Eleven states reported estimated total links as a percent of crash records in a fairly narrow range between 1.4% and 2.5%.  Kentucky, Maryland, and Pennsylvania were outliers.

One reason for the shortfalls may be incomplete linkage strategies.  Not all productive match passes have been explored.  Also, not all shared information has been coded for linkage.  Finding appropriate changes to improve the data preparation and linkage strategies used in Phase I so that they produce more complete linked datasets is an open issue.
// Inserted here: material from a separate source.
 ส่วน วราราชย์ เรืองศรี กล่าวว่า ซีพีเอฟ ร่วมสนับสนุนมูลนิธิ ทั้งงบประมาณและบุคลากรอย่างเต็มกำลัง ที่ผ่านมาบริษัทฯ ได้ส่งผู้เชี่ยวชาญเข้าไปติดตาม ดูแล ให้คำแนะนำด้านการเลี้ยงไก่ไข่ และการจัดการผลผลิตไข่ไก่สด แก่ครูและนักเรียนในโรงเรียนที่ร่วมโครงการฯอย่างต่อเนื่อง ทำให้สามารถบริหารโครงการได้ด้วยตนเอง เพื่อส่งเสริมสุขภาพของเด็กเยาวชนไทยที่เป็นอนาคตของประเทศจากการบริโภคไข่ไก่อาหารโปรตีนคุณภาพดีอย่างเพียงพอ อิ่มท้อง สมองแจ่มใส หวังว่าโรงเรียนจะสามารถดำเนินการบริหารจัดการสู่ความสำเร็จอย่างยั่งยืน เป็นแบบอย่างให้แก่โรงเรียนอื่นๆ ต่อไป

Figure 21 - Link Specifications Report for DE

Figure 22 - Link Specifications Report for KY

Figure 23 - Link Specifications Report for MD

Figure 24 - Link Specifications Report for ME

Figure 25 - Link Specifications Report for MN

Figure 26 - Link Specifications Report for OK

Figure 27 - Link Specifications Report for PA

Figure 28 - Link Specifications Report for UT

Another reason for the shortfalls may be a known weakness with the initial CODES 2000 linkage imputation algorithms presented in November.  Arizona, Maryland, and Utah found that sometimes hundreds or thousands of matched pairs were assigned to the same set because of very low probability links.  Many of these pairs were dropped by the Imputation Wizard when one-to-one matches were selected from the sets.  Most states did not find this problem.  CODES 2000 was changed to avoid the problem by assigning set numbers after linkage imputation rather than before.  The new software version was distributed to those states reporting high-count sets, but other states may have similar but less severe problems.

See Data Network Note # 11 - Multiple Imputation and One-to-One Links (Revised)
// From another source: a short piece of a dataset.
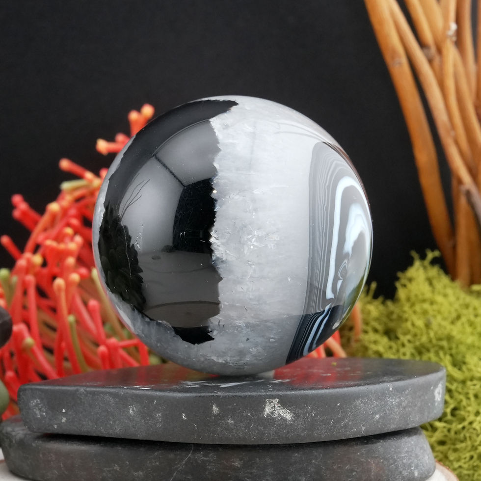 Black Agate Quartz Crystal Sphere Druzy Ball Boho Crystal Shelf Home Decor Gift

  1. Only Delaware and Maine reported adjusting their linkage probability models to account for field dependencies or comparison tolerances.  This suggests that the models used in Phase I by most states could be improved to produce more accurate probability estimates.  It also suggests that the current mechanisms in CODES 2000 for making such adjustments should be simplified or automated to encourage broader use.

Finding appropriate changes to improve the linkage probability models used in Phase I so that they produce more accurate estimates is an open issue.

  1. Utah reported sensitivity to the random number sequences producing multiple imputations for the test data.  A sensitivity analysis suggested that 10 linkage imputations and 10 values imputations would produce more stable results for these data.  However, the appropriate number of imputations for each state's data must be determined individually through a similar sensitivity analysis.

See Data Network Note # 8 - Variations in Multiple Imputation Results

  1. Kentucky reported sensitivity to unusual inpatient charges ($0, outliers).  The appropriate way to handle such charges is an open issue.

See KY Regression Excluding Charges = $0

As expected, reported hospital inpatient charges are highly skewed for all states.  Consequently, a logarithmic transformation would be appropriate in the Phase II regression analysis.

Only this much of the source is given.